Le bras de fer se poursuivait jeudi à Hong Kong entre militants prodémocratie et pro-Pékin avant un vote crucial sur une réforme électorale controversée qui avait précipité dans la rue des dizaines de milliers de personnes.

Le texte débattu au Conseil législatif (Legco, le Parlement local), pour un vote prévu d'ici vendredi, fixe les modalités de l'élection en 2017 du chef de l'exécutif de l'ancienne colonie britannique, revenue dans le giron de la Chine en 1997.

Tour à tour, les députés des deux camps prenaient la parole pour défendre ou dénoncer la réforme soutenue par Pékin.

De l'avis des observateurs, les députés prodémocratie ne devraient pas manquer de voter contre le projet, ce qui le priverait de la majorité des deux tiers nécessaires à son adoption.

Le projet de réforme prévoit pour la première fois d'instaurer le suffrage universel alors que le chef du gouvernement local était jusqu'alors désigné par un collège de grands électeurs loyal à Pékin.

Mais le Parti communiste chinois (PCC) gardera la haute main sur le processus puisque seuls deux ou trois candidats adoubés par un comité aux ordres seront autorisés à se présenter.

Les divisions politiques ont éclaté au grand jour à l'automne 2014 lorsque des dizaines de milliers de militants prodémocratie ont paralysé une partie de la ville plus de deux mois durant, donnant naissance au désormais célèbre «Mouvement des parapluies».

Ils dénoncent une «parodie de démocratie», mais le gouvernement de Hong Kong a répété à maintes reprises que le projet était à prendre ou à laisser.

«Même si nous n'obtenons pas un véritable suffrage universel, tant que nous n'abandonnons pas le combat, nous n'avons pas perdu», a déclaré le député Gary Fan du mouvement des néo-démocrates.

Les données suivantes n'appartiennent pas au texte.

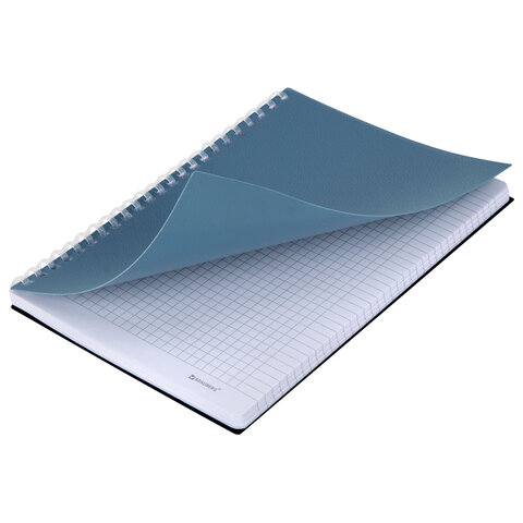 Тетрадь обложка пластик, А5 80 л., гребень мягкий (силиконовый), клетка, BRAUBERG, синий, 405360
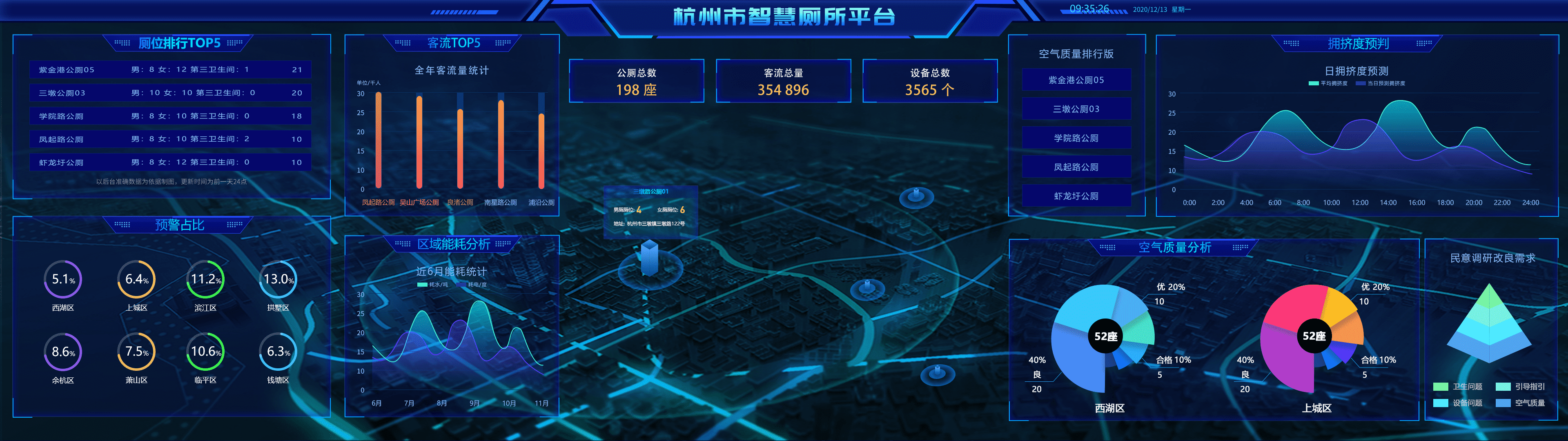 建立全区域的智慧公厕运行平台,建成以“智慧公厕”运行数据为基础的可视化研判一张图。通过挖掘业务数据,实现区域公厕建设结果的数据研判,动态监管,辅助监管决策。
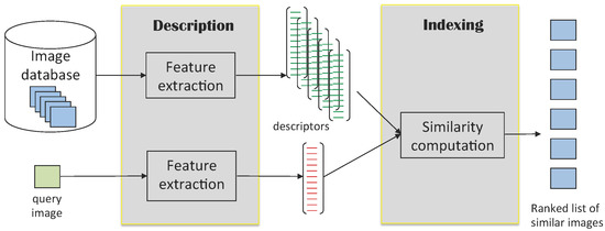 A standard CBIR system is composed by at least two components: its content description or feature extraction module, which reduces the visual data into compact representations, and the similarity measure which will be used on the extracted features in order to determine the images similar to the query (cf. Figure 1).
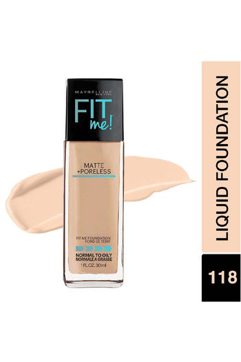Maybelline New York Fit Me Matte + Poreless Liquid Foundation, 118 Light Beige - 30 Ml
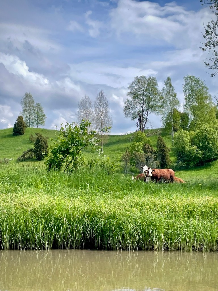 Patakosken jälkeinen jokipätkä oli mielestäni todella kaunis, yksi reitin parhaista. Mökkejä ei näkynyt, vaan sai meloa metsän siimeksessä täysin luonnon keskellä. Matka taittui muuten mukavasti, mutta tuuli oli todella kova ja sen osuessa joelle joutui melomaan voimalla eteenpäin. Jossain vaiheessa maisemat muuttuivat taas aukeammiksi. Rannassa näin ihan pienen bambin emonsa kanssa ja se ilahdutti suuresti.

«Les perdants sont les gouvernements de Hong Kong et de Pékin, car ils ont perdu le coeur des Hongkongais», a-t-il lancé.

Complot présumé

Les députés pro-Pékin ont fait valoir au contraire que ce projet représentait une avancée, que le rejeter priverait les Hongkongais de l'occasion de voter et serait un facteur de déstabilisation supplémentaire.

«Si ce projet fait l'objet d'un véto aujourd'hui, alors que se passera-t-il ensuite? Y aura-t-il un nouveau Occupy?», a demandé Elizabeth Quat, membre de l'Alliance démocratique pour l'avancement de Hong Kong, un mouvement pro-Pékin. Elle faisait référence à l'occupation par le mouvement prodémocratie à l'automne de quartiers entiers de la ville réputée être un haut lieu de la finance internationale. «Où y aura-t-il d'autres bombes, d'autres armes destinées à concocter une révolte sanglante?».

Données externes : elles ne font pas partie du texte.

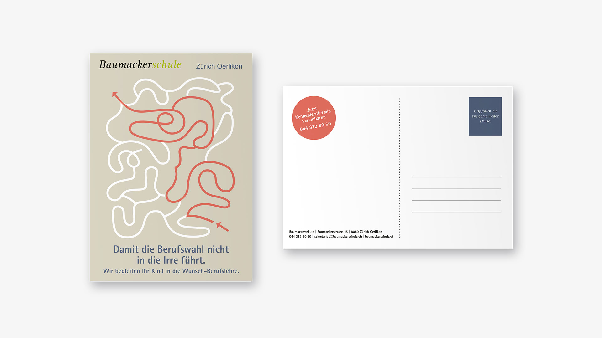 Wir dürfen die Baumackerschule seit mehreren Jahren in Kommunikation und Marketing unterstützen. In einem ersten Schritt haben wir uns auf die strategischen Hausaufgaben konzentriert. Dabei haben wir eine klare Customer-Journey-Strategie definiert sowie die entsprechenden (Digital-) Tools aufgebaut und optimiert. Im nächsten Schritt haben wir die Leitidee «Wir stärken Ihr Kind und führen es in die (Wunsch-) Berufslehre» entwickelt. Alle Kampagnen und Massnahmen führen zu einem persönlichen Kennenlernen der Schule sowie der Schulleitung. Denn dort wird ganz schnell klar, warum die Baumackerschule der perfekte Ort ist, um die Sekundarschule zu absolvieren.
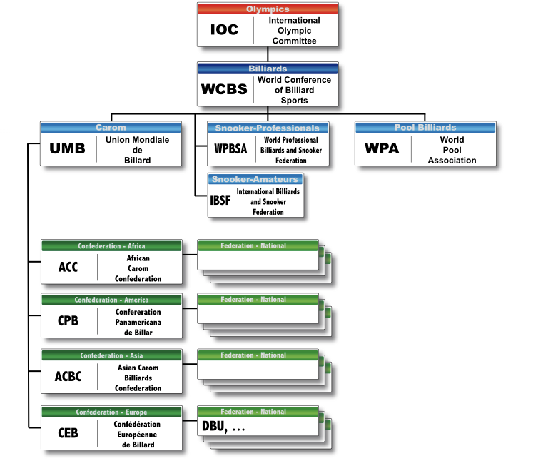 UMB와 ACBC에 대하여 더 궁금한 사항은 세계당구연맹 UMB홈페이지 또는 아시아 당구연맹 ACBC홈페이지를 참고 바랍니다. 기타 IOC산하에 있는 각 대륙 및 국가의 당구연맹 조직이 궁금하시면 위의 표를 참고바랍니다.
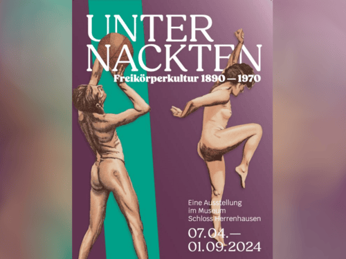 Im Schloss Herrenhausen präsentierten HMH, Stadtarchiv und NISH im Sommer 2024 Bilder und Dokumente zur Geschichte der Freikörperkultur in Hannover

Les mesures de sécurité ont été renforcées autour du Legco, situé au coeur du quartier financier et administratif de la ville, après l'annonce de la mise en échec d'un complot présumé.

Dix personnes ont été arrêtées lundi par la police et six d'entre elles ont été inculpées de conspiration en vue de la fabrication d'explosifs, dont cinq ont été placées en détention provisoire par la justice.

La police a dit que l'une d'elles revendiquait son appartenance à un «groupe radical local», identifié par la presse comme étant le Parti national indépendant (PNI), né en janvier dans la mouvance dite «localiste» qui veut prendre ses distances avec Pékin.

Ces arrestations suscitent méfiance et perplexité au sein du camp prodémocratie qui craint un coup monté pour discréditer son combat et favoriser le revirement de ses membres les plus modérés.

D'après le quotidien South China Morning Post, les suspects ont accusé les policiers de les avoir passés à tabac ou menacés, lors de leur comparution devant la justice mercredi.

En amont du débat parlementaire, le camp prodémocratie a remobilisé ses troupes pour organiser des rassemblements quotidiens à l'approche du vote, avec des succès divers.

Environ 300 manifestants étaient rassemblés devant le Parlement jeudi, dont une large majorité de militants pro-Pékin proclamant leur «soutien à Hong Kong pour qu'il adopte la réforme».

Dans le camp adverse, certains exprimaient leurs craintes que les députés prodémocratie ne tournent casaque et ne permettent malgré tout l'adoption du texte. «Je suis vraiment inquiet que certains députés prodémocratie ne changent leur fusil d'épaule», disait ainsi Terry Chik, un ouvrier du bâtiment de 44 ans.